I've been using OpenDNS for about a year now, rather than the DNS servers provided by my ISP. It has a number of advantages, including cutting out some of the silly bugger games ISPs play. Among other things, I hate getting a page of advertisements whenever I mistype a URL. I use OpenDNS's “Home” subscription as I don't mind paying $10 a year to support them and get some extra configuration flexibility.
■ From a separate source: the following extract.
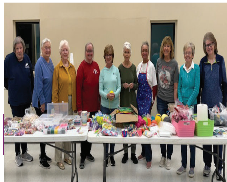
Operation Christmas Child Crafting Second Thursday of the Month. 10-Noon

OpenDNS have released an early, Mac OS X only, version of a rather nice product, DNSCrypt. It's a freebie operating system-level application. What it does is to encrypt the DNS traffic between a user's computer and the OpenDNS DNS servers — what OpenDNS is referring to as the “last mile” by analogy with telephony.

Why is this such a nice thing? You can read about this on the OpenDNS web site, but basically it provides a barricade against lots of sophisticated hacking.

I downloaded DNSCrypt. It uses OS X’s package installer to install a preference pane which allows one to enable/disable DNSCrypt and change some settings. An important one is whether or not to “fall back” on regular DNS communications if there is a failure. Doing so means in the case of a failure you do not lose name resolution (e.g. "www.goold.net" resolving to an IP address), but you obviously lose the additional security provided by DNSCrypt. I'm not running in fall-back mode, so we will see what happens!

While the product is in the early stages, OpenDNS have elected to have DNSCrypt disabled on boot-up, meaning if you re-boot your Mac, you will need to go into system preferences and enable it. They have indicated there will be persistence across re-boots in a later release.

So far, I notice no change, which is a very good thing — having a process that occurs quietly behind the scenes to protect my computing environment is exactly what I want.